BEGIN
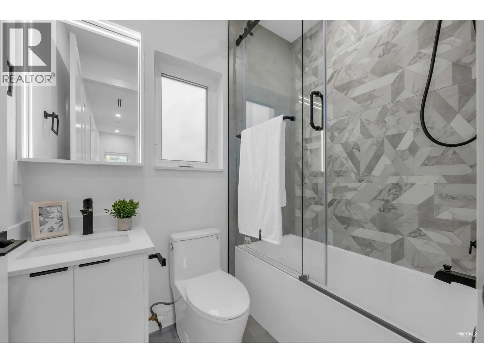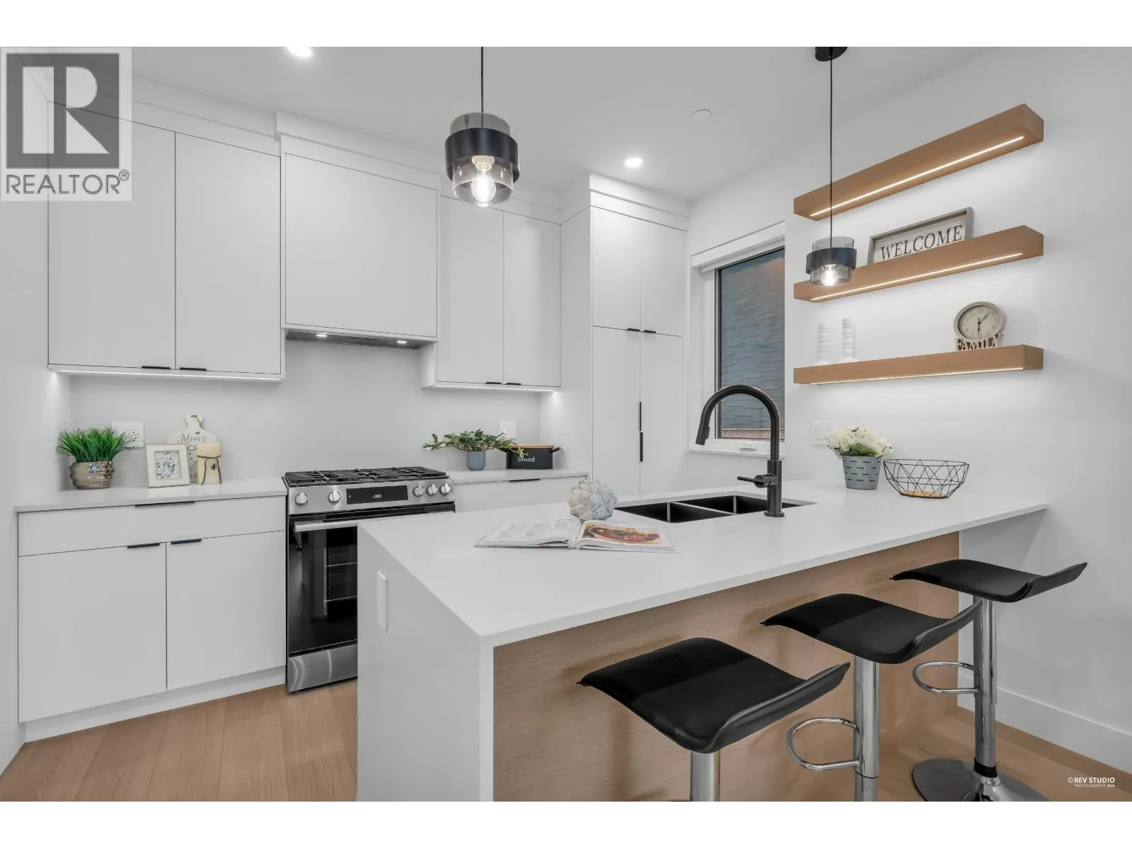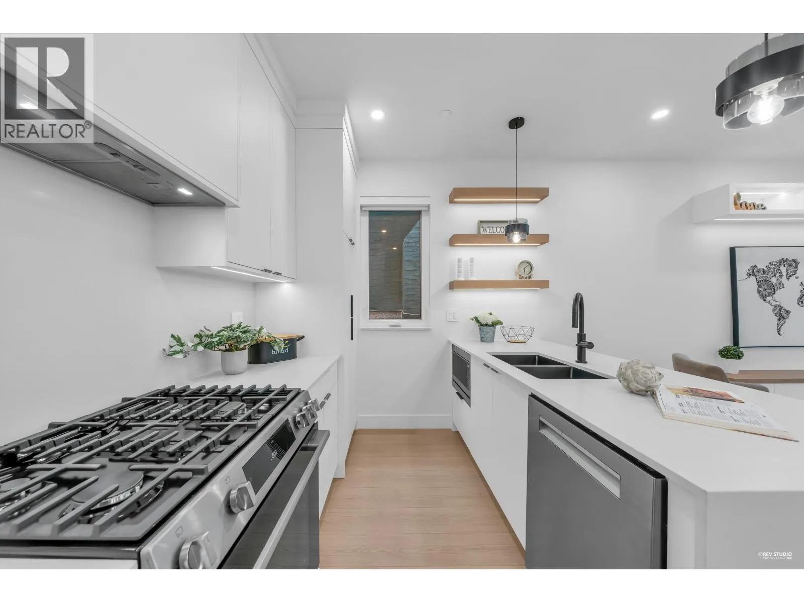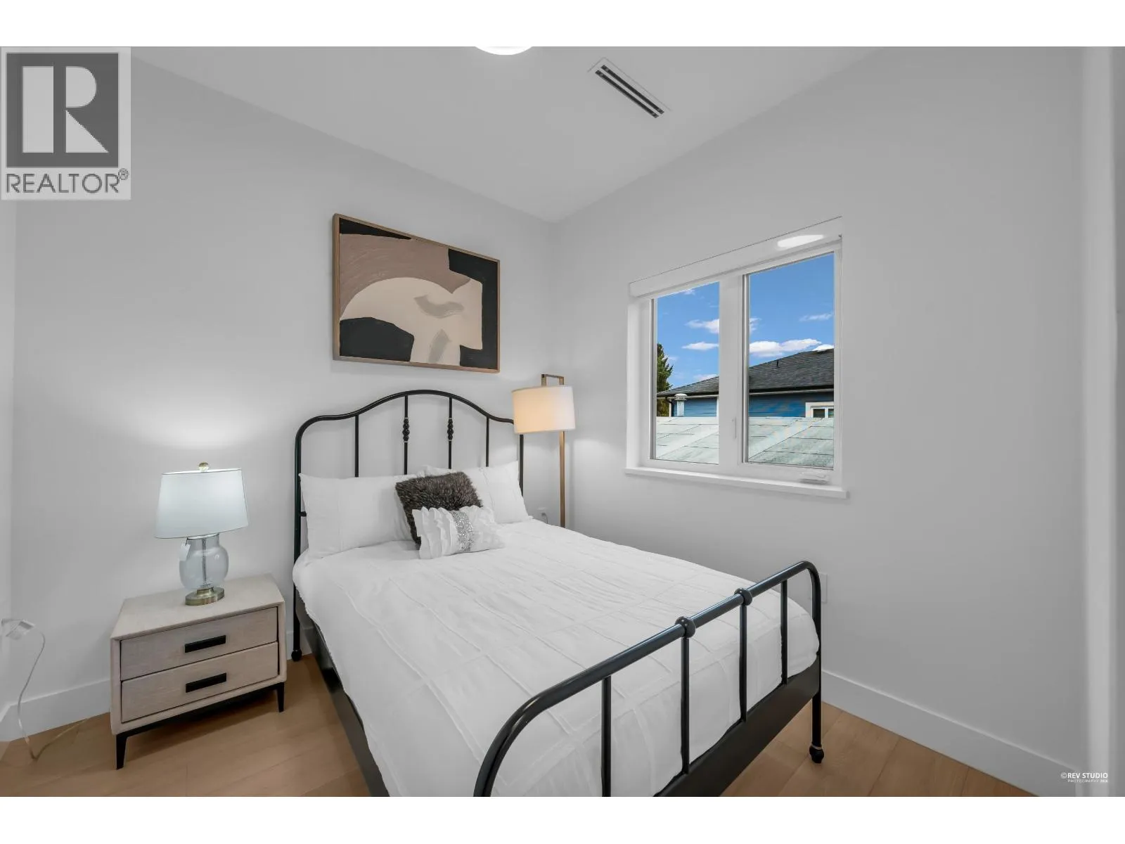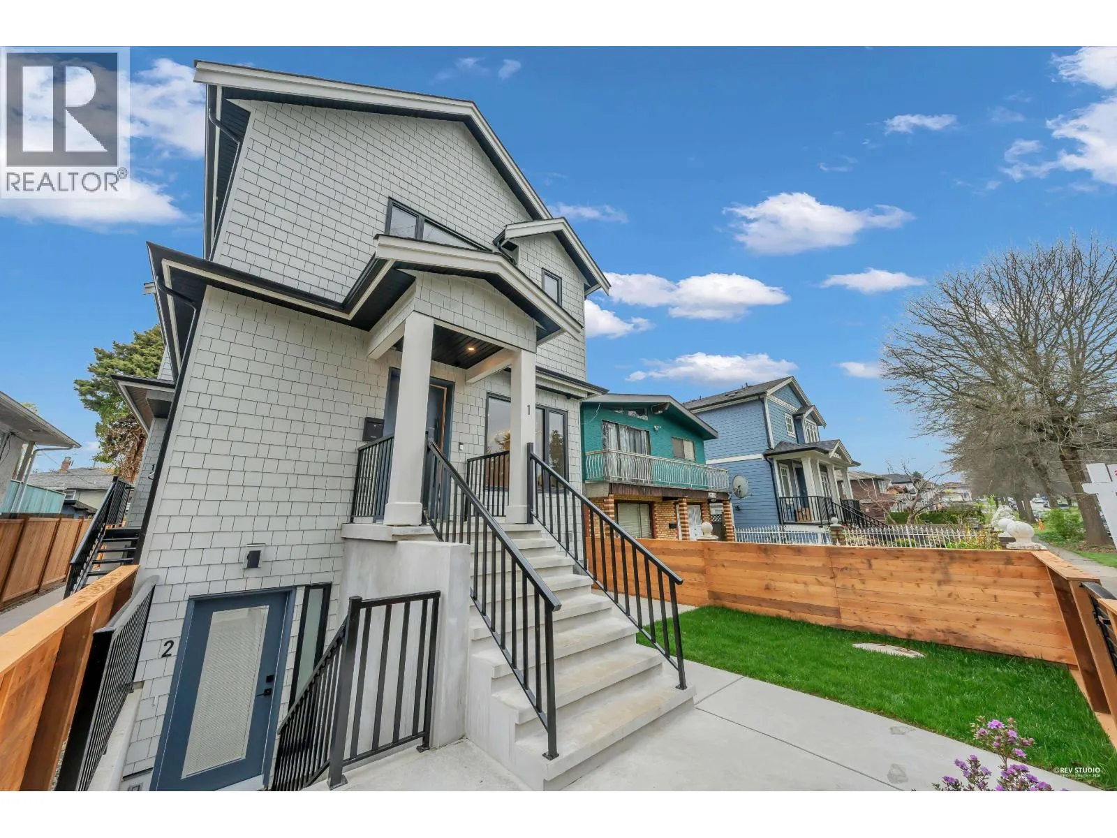 Brand-new southwest-facing FRONT duplex offering 1,548 sqft of modern living w/a functional layout and quality craftsmanship. This well-built home features 3 spacious bdrms upstairs, 2.5 baths, and a legal 2-bdrm basement suite-perfect as a mortgage helper or for extended family. The open-concept main floor boasts a bright living and dining area that flows seamlessly into a stylish kitchen w/top-brand S/S appliances. All bedrooms are conveniently located on the same level. Enjoy year-round comfort with a heat pump, HVAC and air conditioning. Includes single garage with EV and a front fenced yard-great for kids or pets. Conveniently located just minutes to 29th Ave SkyTrain, parks, schools, and the vibrant shops, cafes, and restaurants along Kingsway. OH Apr. 18th 2-3pm & Apr. 19 2-4pm (id:27476)
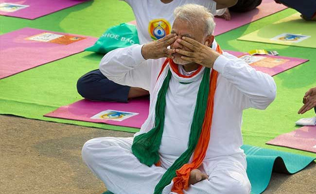 Soon after addressing the gathering, PM Modi climbed down from the podium to join over 35,000 participants to perform 'asanas'.
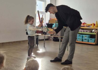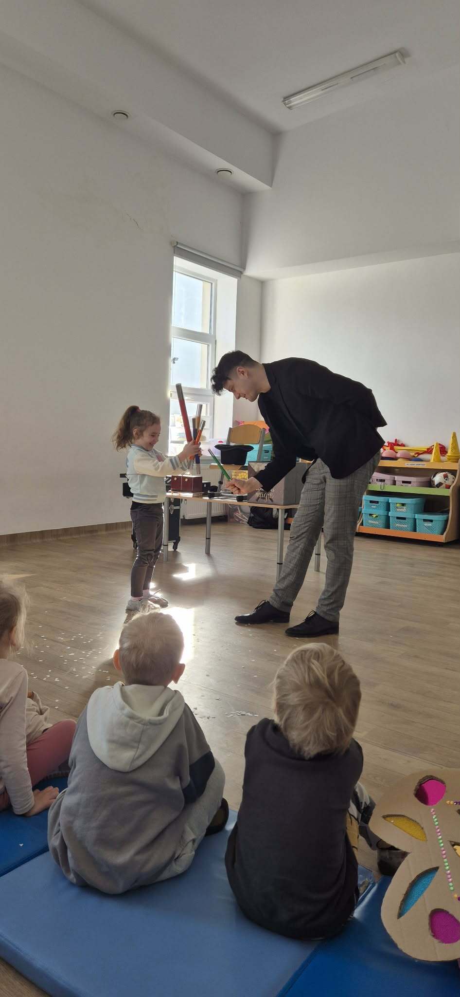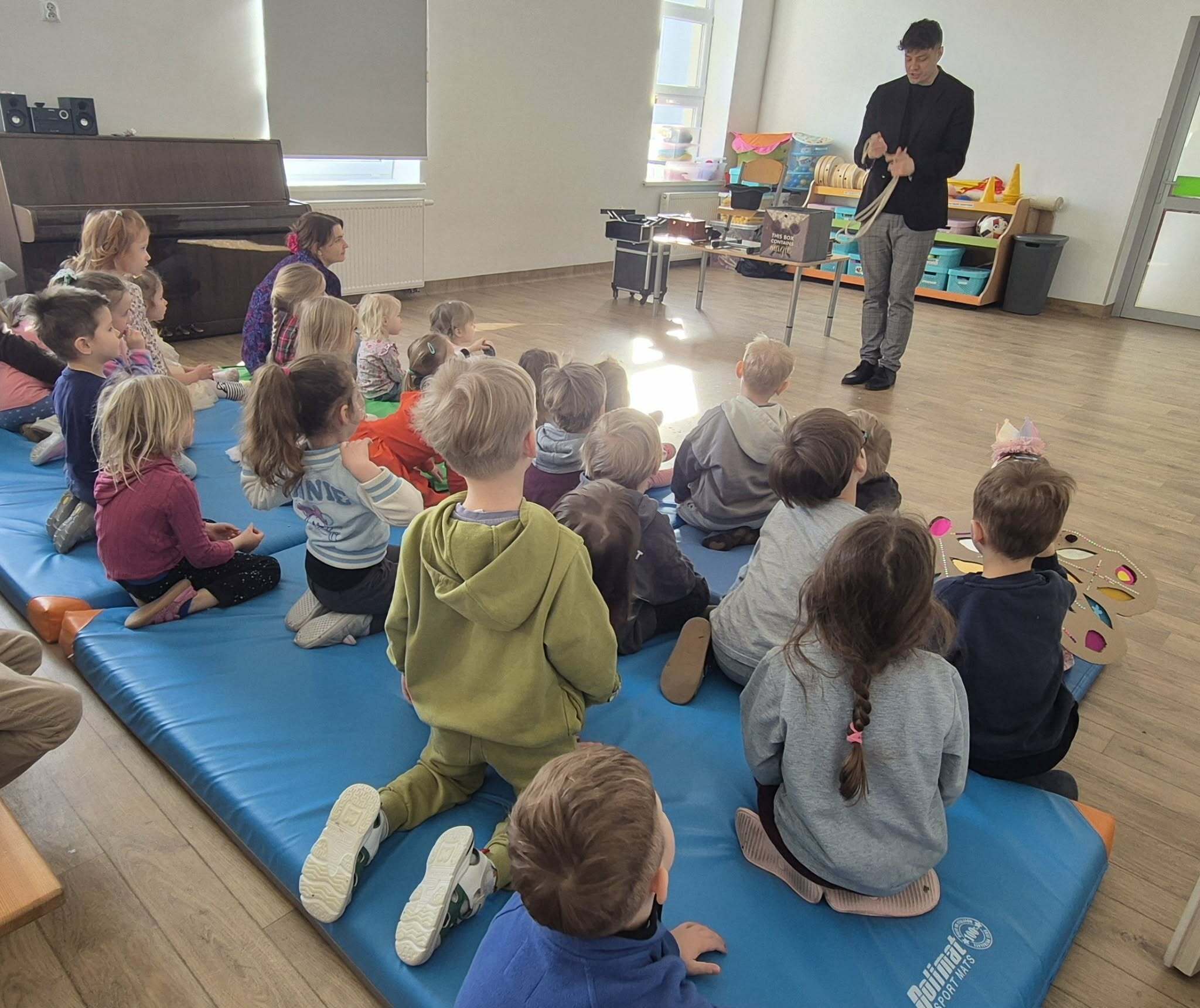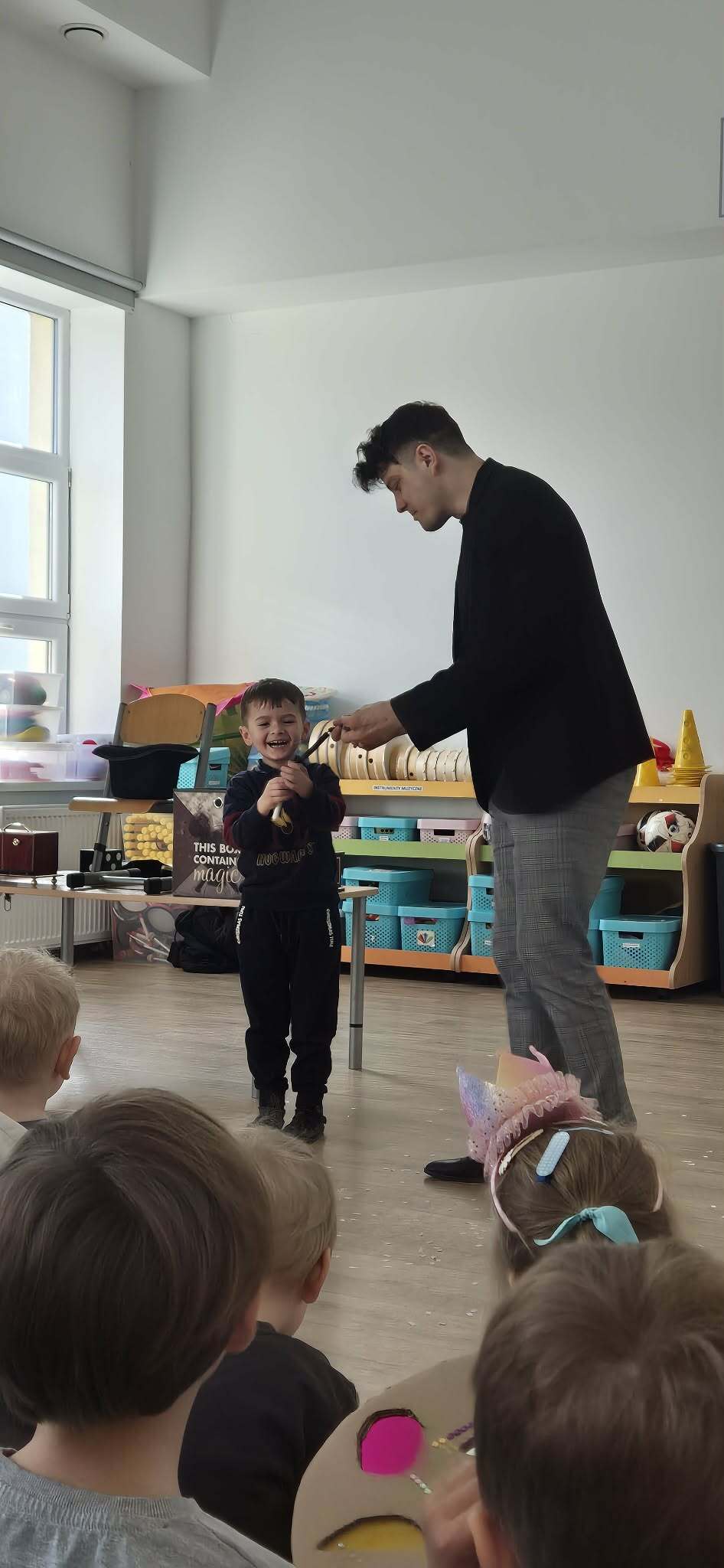W czwartek (19.03.2026) w naszym przedszkolu odbył się wyjątkowy występ magika z grupy Artyści Maccino, który dostarczył dzieciom mnóstwo radości i niezapomnianych wrażeń. Podczas pokazu dzieci mogły zobaczyć niezwykłe sztuczki oraz magiczne iluzje, które wzbudzały duże zainteresowanie i wiele uśmiechów.
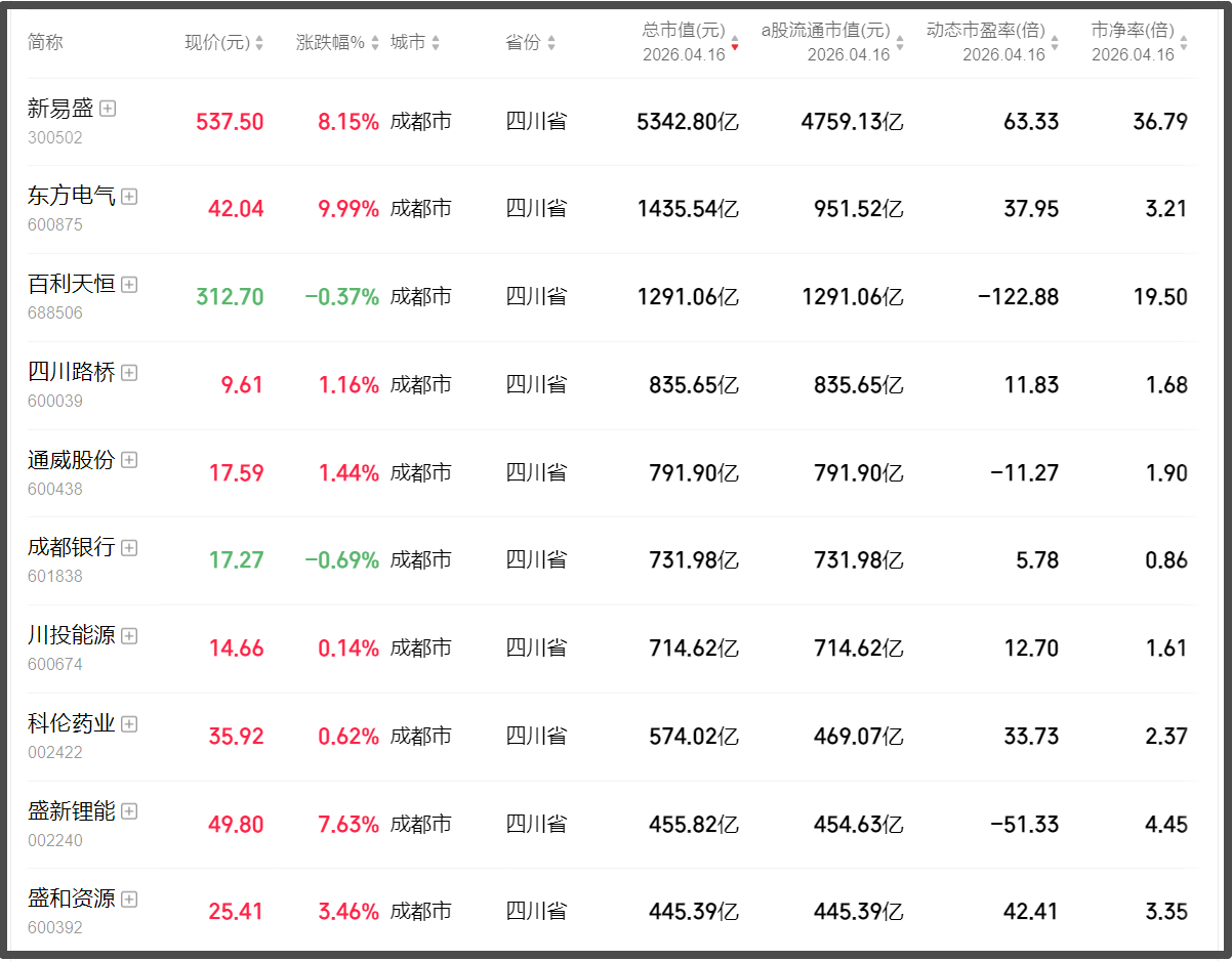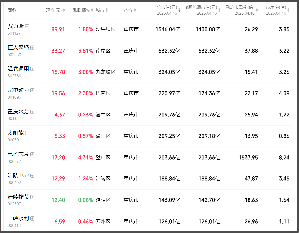 截止4月16日收盘,成都市A股上市公司数量为123家,总市值合计约2.25万亿元。同为西部“双子星”的重庆市,拥有上市公司79家,总市值超5800亿元,市值最高的赛力斯超过1500亿元。
END
• **Work request**
Leave every picture out and write out exactly the lines from the line with "W czwartek (19.03.2026)" through the last line of the material.

• **Exercise solution**
W czwartek (19.03.2026) w naszym przedszkolu odbył się wyjątkowy występ magika z grupy Artyści Maccino, który dostarczył dzieciom mnóstwo radości i niezapomnianych wrażeń. Podczas pokazu dzieci mogły zobaczyć niezwykłe sztuczki oraz magiczne iluzje, które wzbudzały duże zainteresowanie i wiele uśmiechów.
 截止4月16日收盘,成都市A股上市公司数量为123家,总市值合计约2.25万亿元。同为西部“双子星”的重庆市,拥有上市公司79家,总市值超5800亿元,市值最高的赛力斯超过1500亿元。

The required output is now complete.